• YOUR GOAL:
Wherever a picture sits, omit it. Output the rest of the listing exactly.

• SUPPLIED MATERIAL:
***

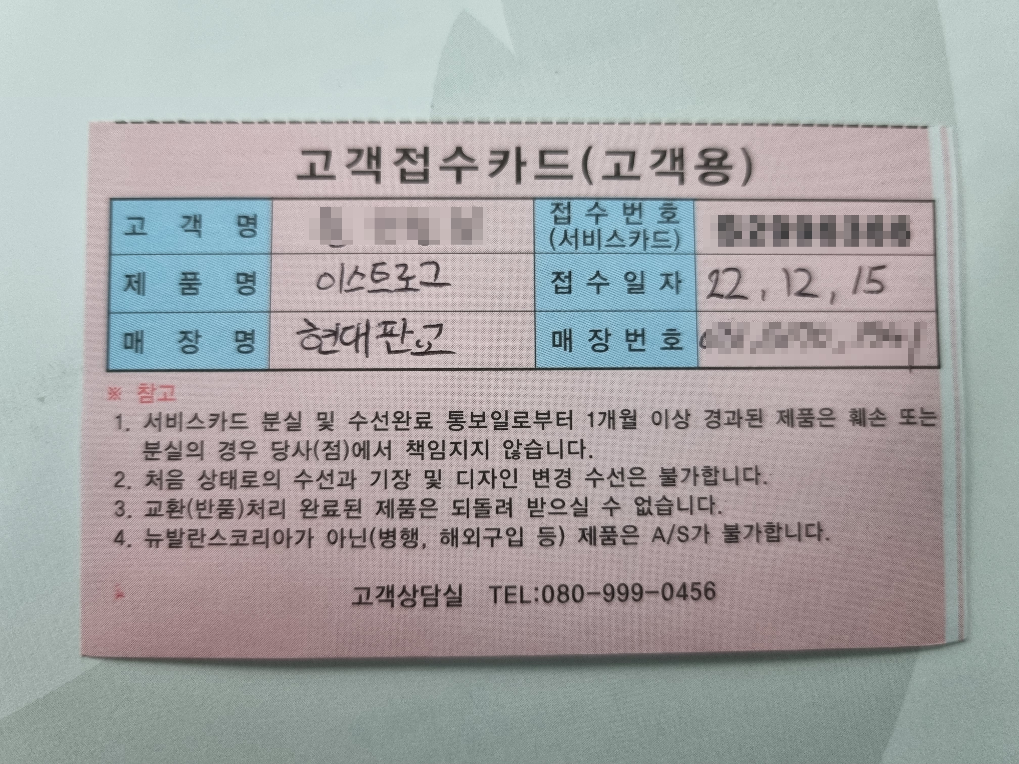 구매 후기를 작성하는 과정에서 아래 사진처럼 제품 불량인 부분이 확인되었고 이 부분을 A/S 하기 위해 판교 현대 백화점에 방문했습니다.
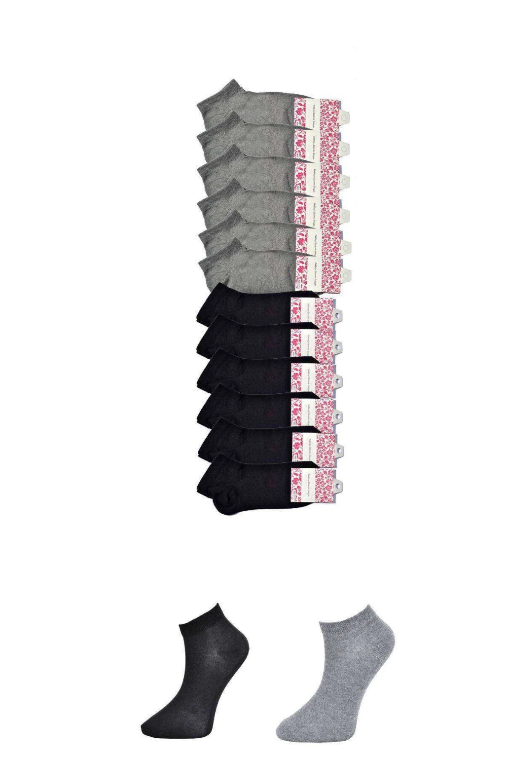 Siyah ve Gri Kadın Bilek Çorap 12 çift
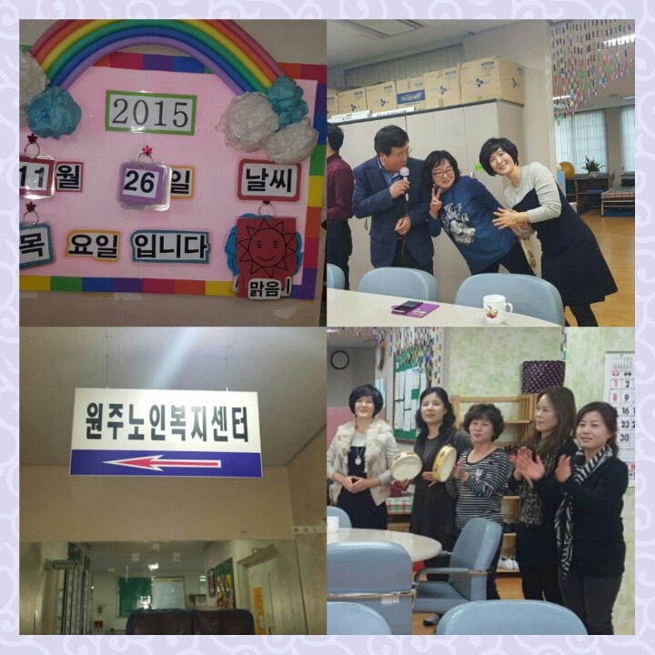 2015년 11월26일 목요일 3시부터 4시까지 권옥희부장님과 보급반 안병화반장님 안금향 김용자 양삼례대원 이순자대원 항상 건강한 웃음과 경쾌한노래로 봉사하고 오셨습니다^^~~

***

• SOLVED EXERCISE:
 구매 후기를 작성하는 과정에서 아래 사진처럼 제품 불량인 부분이 확인되었고 이 부분을 A/S 하기 위해 판교 현대 백화점에 방문했습니다.
 Siyah ve Gri Kadın Bilek Çorap 12 çift
 2015년 11월26일 목요일 3시부터 4시까지 권옥희부장님과 보급반 안병화반장님 안금향 김용자 양삼례대원 이순자대원 항상 건강한 웃음과 경쾌한노래로 봉사하고 오셨습니다^^~~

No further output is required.